Deploying and Testing an OSG Hosted CE via SLATE
An OSG Compute Element (CE) is an application that allows a site to contribute HPC or HTC compute resources to the Open Science Grid. The CE is responsible for receiving jobs from the grid and routing them to your local cluster(s). Jobs from the Open Science Grid are preemptible, and can be configured to run only when resources would have otherwise been idle. Resource providers can use OSG to backfill their cluster(s) to efficiently utilize resources and contribute to the shared national cyberinfrastructure.

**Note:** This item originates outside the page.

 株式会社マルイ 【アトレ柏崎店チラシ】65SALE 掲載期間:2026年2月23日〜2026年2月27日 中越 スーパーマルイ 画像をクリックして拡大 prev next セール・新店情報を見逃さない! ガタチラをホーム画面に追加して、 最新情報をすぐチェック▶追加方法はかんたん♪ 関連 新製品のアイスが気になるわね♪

The simplest way to start contributing resources to the OSG, for many sites, is via the “Hosted” CE. In the hosted case, installation and setup of the Compute Element is done by the OSG team, usually on a machine outside of your cluster, and uses standard OpenSSH as a transport for submitting jobs to your resources. With SLATE, we have simplified Hosted CE installation and made a shared operations model possible. Now the Compute Element can be hosted on your Kubernetes infrastructure on-prem and cooperatively managed by OSG and your local team. In this article, we’ll go through the steps for connecting a SLURM cluster to the Open Science Grid with our newly stabilized OSG Hosted CE Helm Chart.
Table of Contents
- Generating and storing the key
- Configuring the CE from SLATE
- Finalizing the configuration
- Testing the HostedCE
- Next Steps
- Other resources and getting help
To install this application you will need a functional Kubernetes cluster with SLATE. More information can be found here.
You must have a functional batch system on a cluster with which you would like to support the OSG, and inbound SSH access. For more information on the requirements of the Hosted CE, please see here.

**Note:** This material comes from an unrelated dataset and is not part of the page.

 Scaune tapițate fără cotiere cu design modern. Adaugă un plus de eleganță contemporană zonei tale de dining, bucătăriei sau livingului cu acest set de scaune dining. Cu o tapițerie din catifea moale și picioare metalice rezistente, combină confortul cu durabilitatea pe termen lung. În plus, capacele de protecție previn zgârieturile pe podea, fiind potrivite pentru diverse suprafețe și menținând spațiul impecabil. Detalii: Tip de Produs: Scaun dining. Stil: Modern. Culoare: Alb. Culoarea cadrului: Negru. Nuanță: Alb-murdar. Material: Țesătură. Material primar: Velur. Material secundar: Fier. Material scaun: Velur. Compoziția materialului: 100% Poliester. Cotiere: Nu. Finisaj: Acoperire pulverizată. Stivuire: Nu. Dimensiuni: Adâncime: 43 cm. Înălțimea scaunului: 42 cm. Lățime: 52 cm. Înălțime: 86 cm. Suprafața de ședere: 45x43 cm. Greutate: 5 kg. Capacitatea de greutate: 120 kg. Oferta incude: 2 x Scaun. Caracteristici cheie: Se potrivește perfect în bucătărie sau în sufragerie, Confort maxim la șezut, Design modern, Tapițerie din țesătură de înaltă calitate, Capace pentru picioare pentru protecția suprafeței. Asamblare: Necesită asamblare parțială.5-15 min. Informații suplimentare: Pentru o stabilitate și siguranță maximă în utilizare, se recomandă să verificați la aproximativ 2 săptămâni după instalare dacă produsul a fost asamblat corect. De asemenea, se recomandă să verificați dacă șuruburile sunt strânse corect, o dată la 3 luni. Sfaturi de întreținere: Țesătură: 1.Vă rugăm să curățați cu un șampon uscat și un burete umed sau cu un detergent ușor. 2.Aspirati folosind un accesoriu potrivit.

The OSG HostedCE uses SSH to submit pilot jobs that will connect back to the OSG central pool. In order for the HostedCE to work, you’ll first need to create at least one local service account for OSG to submit jobs. This should be done according to whatever process you normally use to create accounts for users.
Generating and storing the key
Once the account has been created, you’ll want to create a new SSH key pair. The private part of the key will be stored within SLATE, and the public part of the key will be installed into
authorized_keys file of the OSG user on your cluster. To generate the key, you’ll need to run the following on some machine with OpenSSH installed:
ssh-keygen -f osg-keypair
Note that you will need to make this key passphraseless, as the HostedCE software will consume this key. Once you’ve created the key, you’ll want to store the public part of it (osg-keypair.pub) into the
authorized_keys file on the OSG account for your cluster. For example, if your OSG service account is called
osg, you’ll want to append the contents of
The private part of the keypair will need to be stored on a SLATE cluster for use by the CE. In this particular example, I’ll be operating under the
slate-dev group and using the
uutah-prod cluster to host a CE pointed at a SLURM cluster at University of Utah. To do that:
slate secret create utah-lp-hostedce-privkey --from-file=bosco.key=osg-keypair --group slate-dev --cluster uutah-prod
utah-lp-hostedce-privkey will be the name of the secret, and
osg-keypair is the path to your private key (assumed to be the current working directory).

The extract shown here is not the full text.